Le monde bouge : Axel de Tarlé. C'est le vol le plus long de l'histoire aéronautique : un Boeing de la compagnie australienne Qantas a relié New-York à Sydney en 19 h et 16 minutes sans escale !

Pour l'instant, il ne s'agit que d'un vol test avant l'ouverture d'une ligne commerciale en 2022. Puis, Qantas compte également ouvrir une ligne depuis Sydney vers l'Europe : Londres, Paris et Francfort. Là ce sera plutôt 20 heures de vol, toujours sans escale ! Ça parait fou. Au décollage, naturellement les réservoirs sont chargés à bloc. Il y a 100 tonnes de kérosène dans l'avion, ce qui représente quasiment la moitié poids total de l'appareil. Ce qui veut dire qu'on est en pleine asburdie : près de la moitié du kérosène consommé, sert à porter le kérosène lui-même ! 

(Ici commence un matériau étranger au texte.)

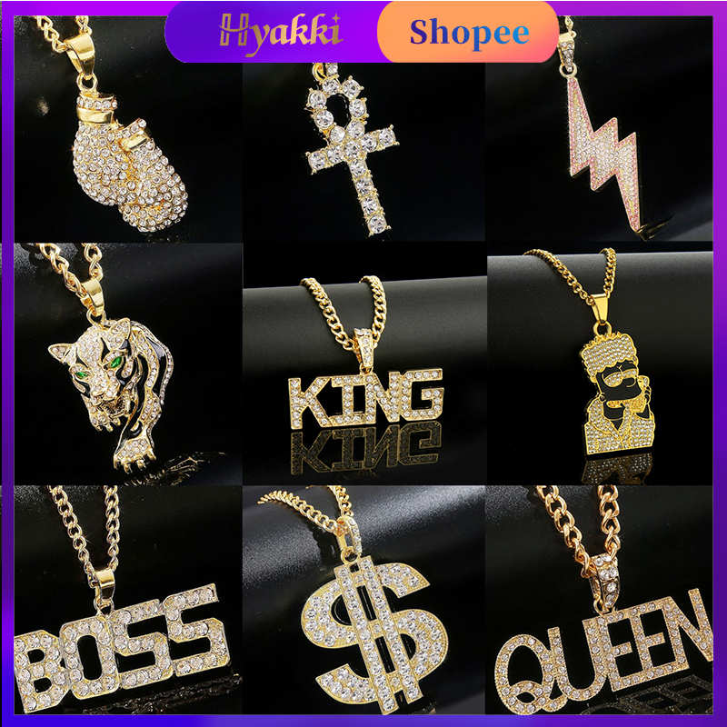 HYAKKI Diamante cordão masculino Pingente masculino Hip Hop ice cravejado Pingente Com Cadeia cubana Corrente masculina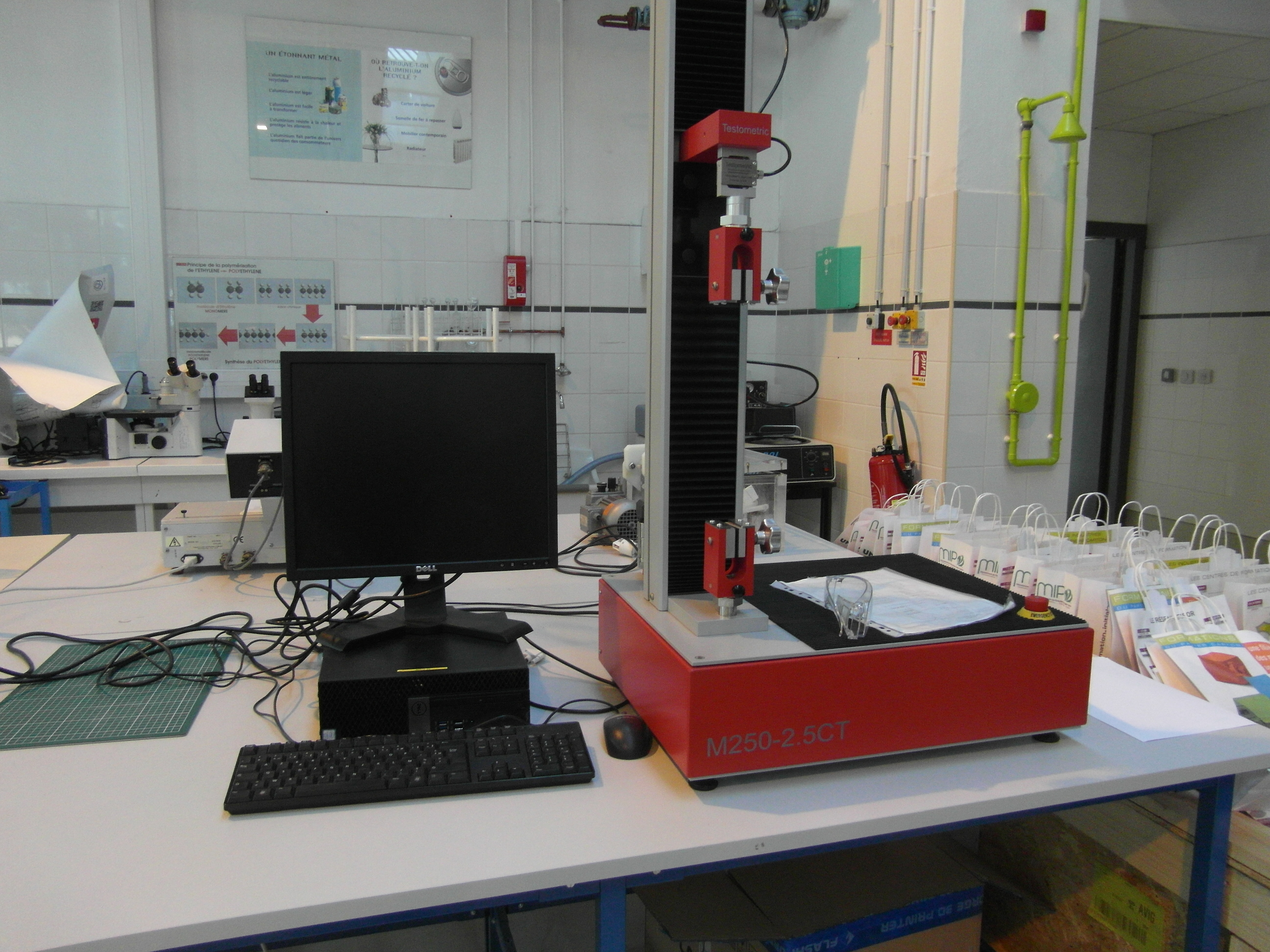Le département PEC a investi cette année dans une machine d’essais universelle de type monocolonne, de façon à diversifier ses possibilités de tests et à assouplir l’utilisation des machines déjà disponibles (utilisation parallèle dans différentes séries de TP, voire en projets tutorés). Jusqu’à présent, deux machines permettaient d’effectuer des tests de traction sur des éprouvettes de polymère, papier-carton et métal ainsi que des essais de compression sur emballages vides (caisses, bouteilles, canettes etc.) et des essais de flexion.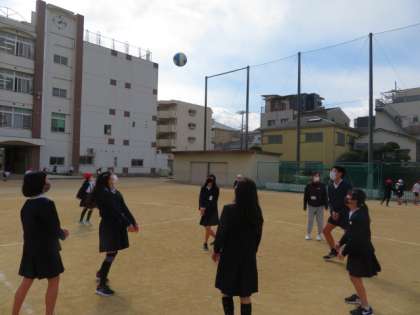 高学年の間で、バレーボールをして遊ぶことがブームになっています。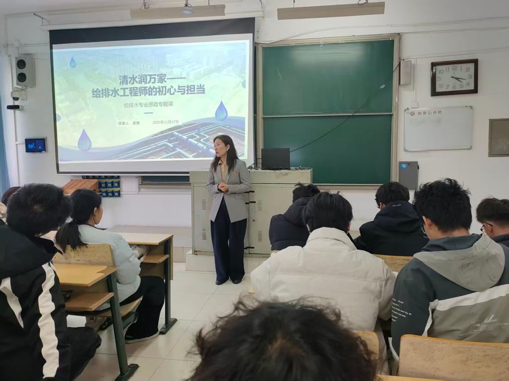 为引导青年员工将专业所长与时代使命紧密结合,11月27日,beat365院长裘娜以“清水润万家——给排水工程师的初心与担当”为主题,为25级给排水科学与工程专业员工带来一堂内涵丰富、贴近实际的专题思政课,让员工在感悟专业价值中明确成长方向。

Et puis pour les organismes, 19 heures de vol sans escale ce doit être terrible ! A un moment, on a envie de se dégourdir les jambes, de "prendre l'air" !

Oui, 19 heures de vols, ça veut dire 3 repas, et combien de films, de livres ? Sauf qu'à un moment, effectivement, on en n'en peut plus.  D'ailleurs pendant ce vol test, des scientifiques étaient justement à bord pour voir comment les organismes réagissent ainsi à un vol 20 heures, dans un avion où la pression atmosphérique est inférieure à la normale, ce qui contribue à la fatigue. 

Et puis, il faut gérer le décalage horaire qui, dans ce cas précis, est assez lunaire : en traversant l'Atlantique, depuis les Etats-Unis vous perdez une journée. Vous décollez le vendredi soir, la journée de samedi est rayée de la carte, et vous arrivez le dimanche.

En fait, on réalise que tout cela est très contre-nature, aussi bien pour les passagers que pour l'environnement. A l'heure de la "honte de voler" et de Greta Thunberg, cet avion aura consommé 125.000 litres de carburant. Ça fait quand même réfléchir. Ce genre de performance, qui défie la nature, fait très XXème siècle. Il faut se rendre à l'évidence : l'Australie est une terre lointaine, et elle doit le rester. On n'y va pas d'un claquement de doigt !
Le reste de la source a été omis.